Gas leaks resulted in an explosion causing two buildings in East Harlem, NYC to collapse on March 12, 2014. Eight deaths and a substantial destruction of property catch the public attention this week, suggesting an even larger long smoldering issue of inadequate investment in the infrastructure we build our lives on and take for granted.
One hundred years ago America was not an urban nation. The industrial age was moving the country from agrarian to urban. Rail beds were laid. Water systems were built. Roads were paved. Bridges built. Pipes were laid to carry gas, oil and electric power. Telegraph lines morphed to telephone lines. Rail morphed to underground subways as the population centers grew more dense. Private capital initiated much of this early infrastructure. Government or quasi-governmental authorities took over responsibility for expansion and operations of much of this infrastructure so critical to the lives of 21st century Americans. But operating costs aren’t enough to preserve, maintain, renovate or renew these critically important physical systems that support our lives.

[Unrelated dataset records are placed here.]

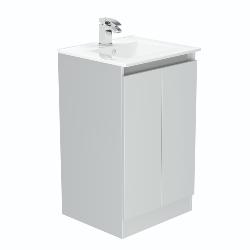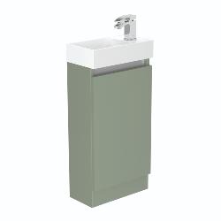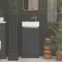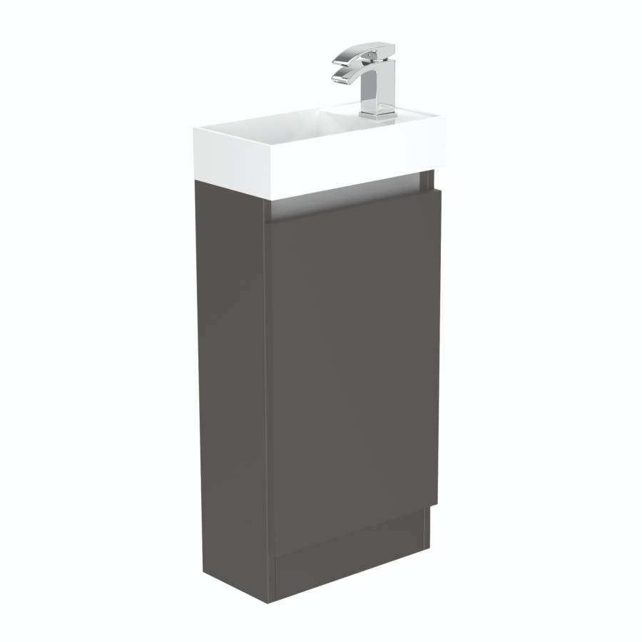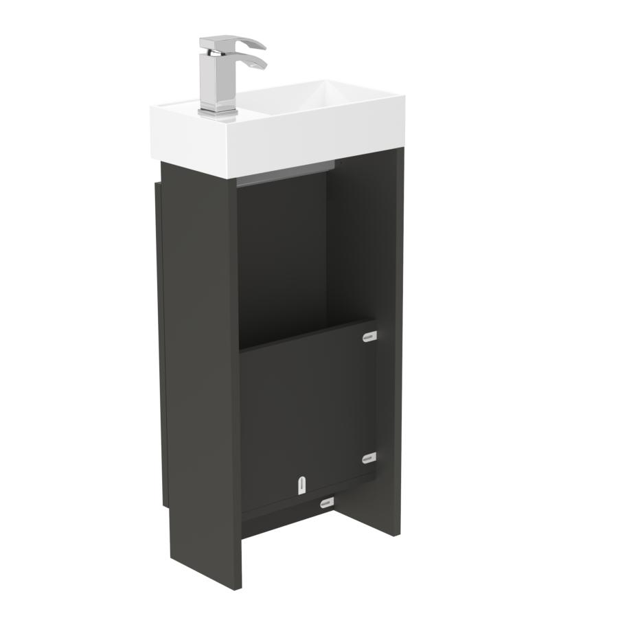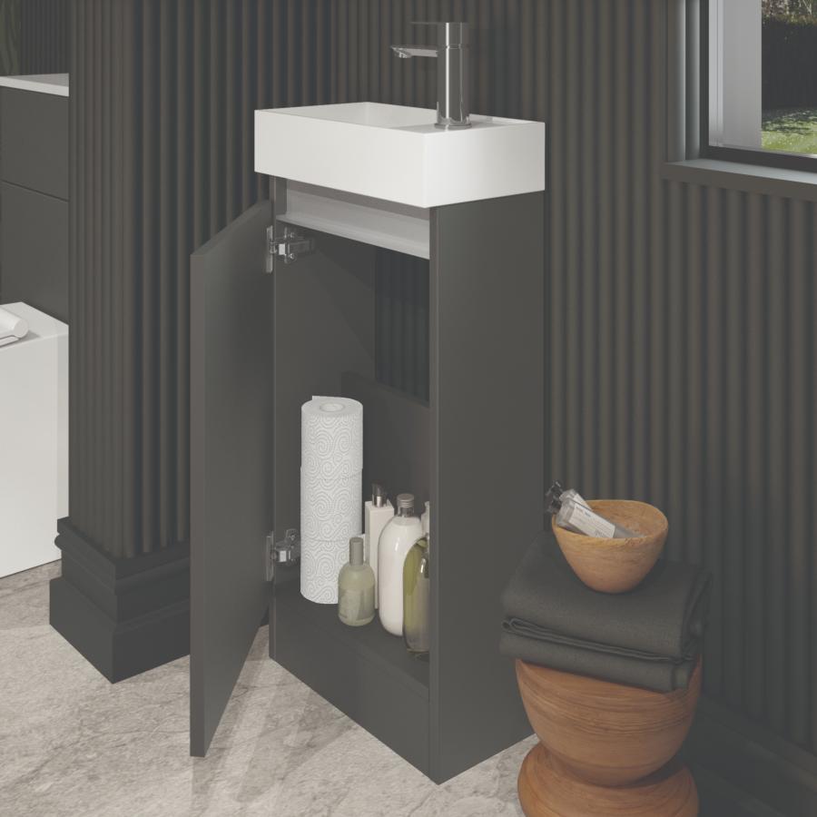 Discover the versatility and style of our compact single door floor standing basin unit, designed specifically for use in cloakrooms or where space is a premium. Its contemporary design, finished in a sleek Midnight Mist, adds a touch of elegance to any small bathroom. The clever reversible feature allows the doors and basin to be adjusted to fit either left or right-handed orientation, providing flexibility in installation. Experience the convenience of the soft-close door, ensuring a whisper-quiet closure every time. This unit is supplied with a ceramic basin, combining functionality with a touch of sophistication. Crafted with meticulous attention to detail in the UK, this exceptional basin unit is proudly made and delivered directly by the manufacturer within a swift 3-day timeframe.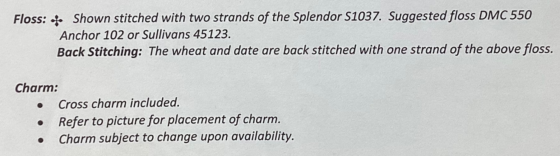 Stitch count: 45 x 67 on 14 count Lavender Whisper Aida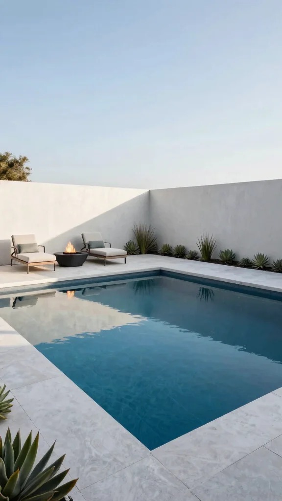 Think about including a sunken lounge area with chic lounge chairs or a fire pit that enhances your modern aesthetic. A sleek black or dark blue pool surface can create stunning reflections while maintaining that minimalist vibe.

How much would it cost to replace these assets? A generally accepted “rule of thumb” is that about 1% to 3% of the “asset replacement value” should be spent each year to maintain that asset, separate from the capital investment required to make substantial improvements. The USA owns infrastructure worth an estimated $342.9 trillion. This is excluding infrastructure owned by cities, counties, states or quasi governmental organizations in the USA. Is the USA spending 1% or $3.4 trillion on maintaining this infrastructure each year?

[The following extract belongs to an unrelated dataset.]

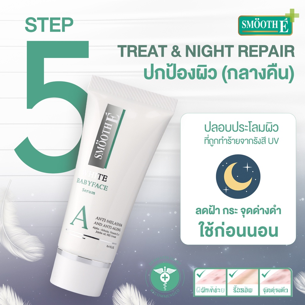 Smooth E Anti-Melasma White Babyface Serum 0.4 ,0.8 Oz เซรั่มรักษาฝ้า กลางคืน เห็นผลใน 4 สัปดาห์ ลดฝ้า กระ จุดด่างดำ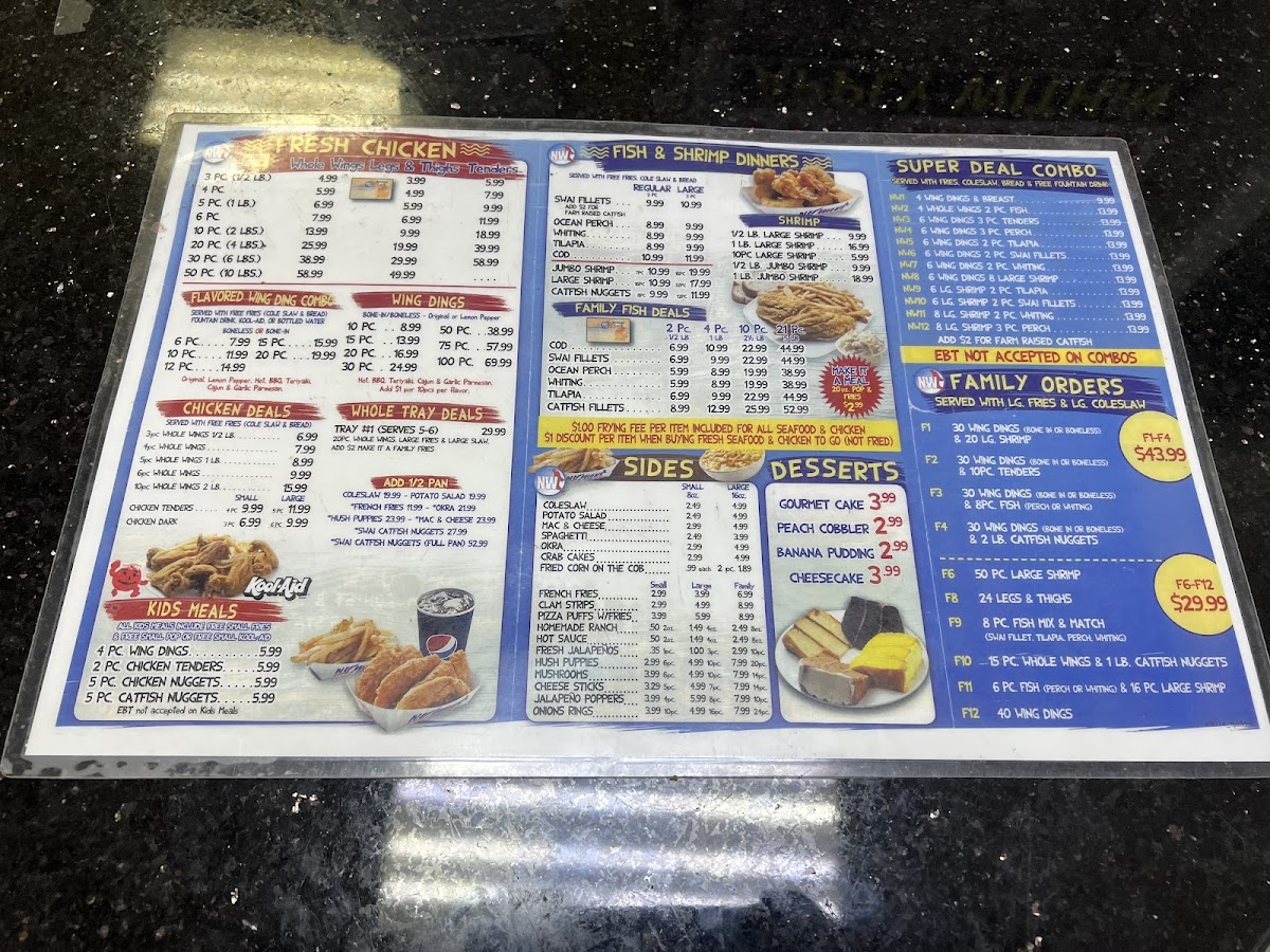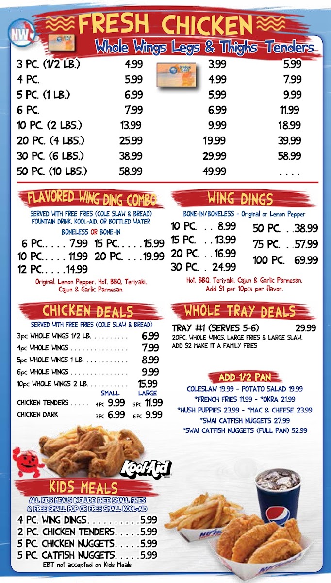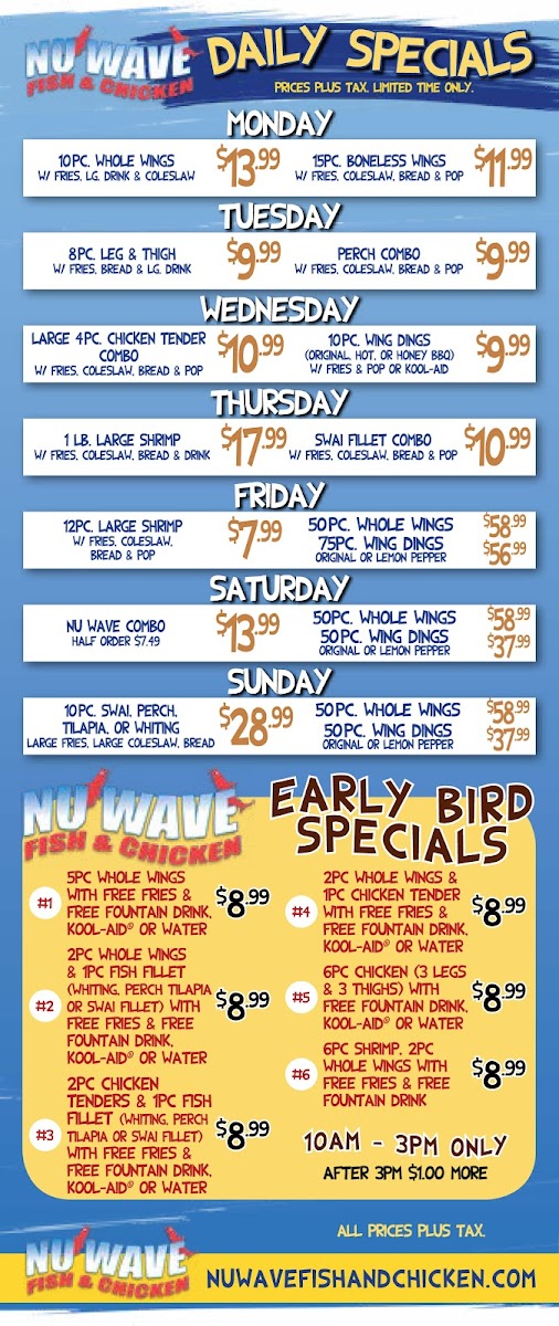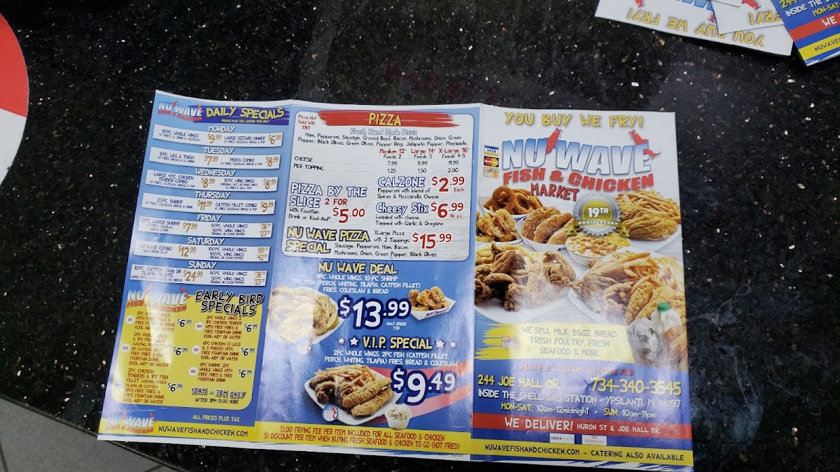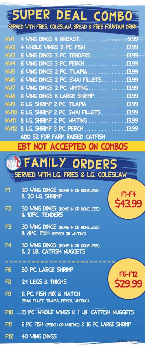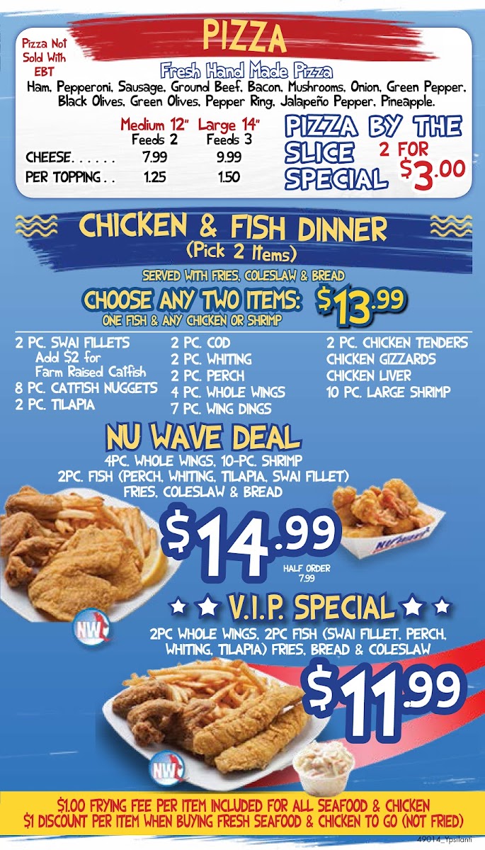 Welcome to Nu Wave Fish and Chicken, where flavor meets freshness in Ypsilanti, MI. Known for its deliciously crispy fried fish and chicken, Nu Wave serves up a fantastic variety of dishes that cater to all tastes. The menu features enticing early bird specials like 5 Pc Whole Wings and 2 Pc Fish Fillet, served with fries and a complimentary drink, making it a perfect choice for lunch. For those seeking hearty meals, the Super Deal Combos offer a delightful mix of wing dings, tenders, and fried fish, all with sides like fries and slaw.

Of the total $862 billion in the 2008 American Recovery and Reinvestment Act stimulus package, the amount allocated to federal government purchases was $7.9 billion in 2009 and $10.1 in the first half of 2010 according to the US Bureau of Economic Analysis. The portion allocated to infrastructure (gross investment) at the federal level was $0.9 billion in 2009 and $1.5 billion in the first two quarters of 2010. Assuming the same level of infrastructure funding at the federal level for 2010 would be only $0.03 trillion. Even if that were all dedicated to maintaining existing infrastructure it is barely a drop in the bucket for what is needed to maintain our infrastructure, $3 trillion dollars short. A century of no maintenance. Is it any wonder our buildings are exploding, our water supplies turn dangerously polluted, our bridges are collapsing? We are not even maintaining what we built, let alone building the power grid and the digital communications systems we will need to compete in the 21st century.
We are so far from spending what we need to keep ourselves safe. Yet when we talk about spending money for infrastructure it is almost always in the context of providing jobs to stimulate the economy…. as if the expenses to generate jobs would not be needed if the economy would get back to normal. Hey. What would happen if the economy never got back to normal because we let the infrastructure that supported us over the last 100 years deteriorate beyond redemption, instead of maintaining it and adding new infrastructure for the future?